This very well may not be the correct forum to post this sort of thing on but its a question that's baffled me for years.
I'm very well aware of how servers themselves work and am fairly well versed in most things computer.
Take serverfault.com for example.
I type http://www.serverfault.com/ into my browsers address bar. At that point my computer performs a reverse dns lookup to get the IP address.
I know that the dns information is located on a DNS server, but how does my computer know where to immediately look for that? Are there DNS servers at fixed IP addresses that my computer automatically goes looking for?
Second, once my computer has the IP address of serverfault.com, it goes to (in my case) comcast to start making its way to serverfaults servers. How does that process work? When running a trace route to serverfault.com, it makes about 16 hops until it finds exactly what I'm looking for.
Obviously it cant make a direct connection to serverfault.com because that would take a direct physical route to the server but what controls the request through the network? What makes it take the route that I see in the trace route?
I know this question is insanely open but if I could at least get some links to outside sources or know what to search google for that would be immensely helpful.
(I'm late to this party but let's see what I can do w/ it anyway.)
You're asking about two distinctly different things-- name resolution via DNS and IP routing. Let's tackle them individually.
The DNS Part
Typically, client computers are informed of the IP addresses of the DNS servers they are to use by way of data in "options" given to them by their DHCP server (the server that provides a "lease" of an unused IP address for the client to use).
Some computers don't use DHCP to obtain an IP address, but rather have their IP address statically-assigned. In cases where computers have statically assigned IP addresses the DNS server IP addresses are also statically assigned in the computers' configuration.
(There are more esoteric methods for getting DNS server information to clients, but the two above cover well over 90% of cases.)
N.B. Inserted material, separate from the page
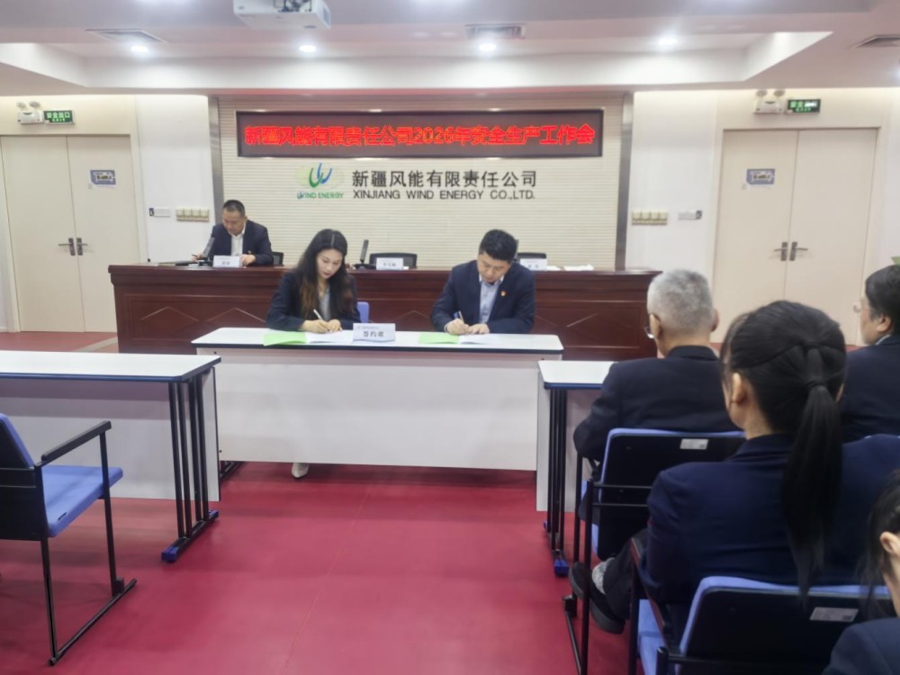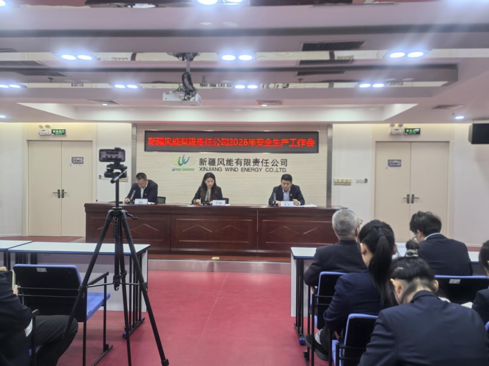 (通讯员/摄影 熊世凤)近日,新疆风能有限责任公司以“现场+视频”形式召开2026年安全生产工作会议。会议深入学习贯彻习近平总书记关于安全生产重要论述,落实新疆能源集团相关会议精神,全面总结2025年工作成效,分析当前风险挑战,部署2026年重点任务,为安全发展筑牢根基。公司党委副书记、副总经理黄乐主持会议,党委副书记、总经理李雪梅,党委委员、副总经理满强出席会议;中层及以上管理人员、本部员工在主会场参会,各场站人员通过视频形式同步参会。

It sounds like your computer is on a home network and is probably getting its IP address assigned from a DHCP server running on either a router in your home network or a DHCP server at your ISP.
In the case of a home router, it will have obtained an IP address from your ISP's DHCP server and, in the course of obtaining that IP address, will have learned the IP address(es) of the DNS servers your ISP intends you to use. Some home routers will provide the ISP DNS server addresses to the clients of the router's DHCP sever. Still other home routers will run a "mini" DNS server themselves and will direct DHCP clients to its own "mini" DNS server. Typically this "mini" DNS server will just forward requests on to the ISP's DNS servers.
If your computer is connected directly to the ISP's network w/o a router then, very likely, your computer is being provided the IP addresses of the ISP's DNS servers by the ISP's DHCP server.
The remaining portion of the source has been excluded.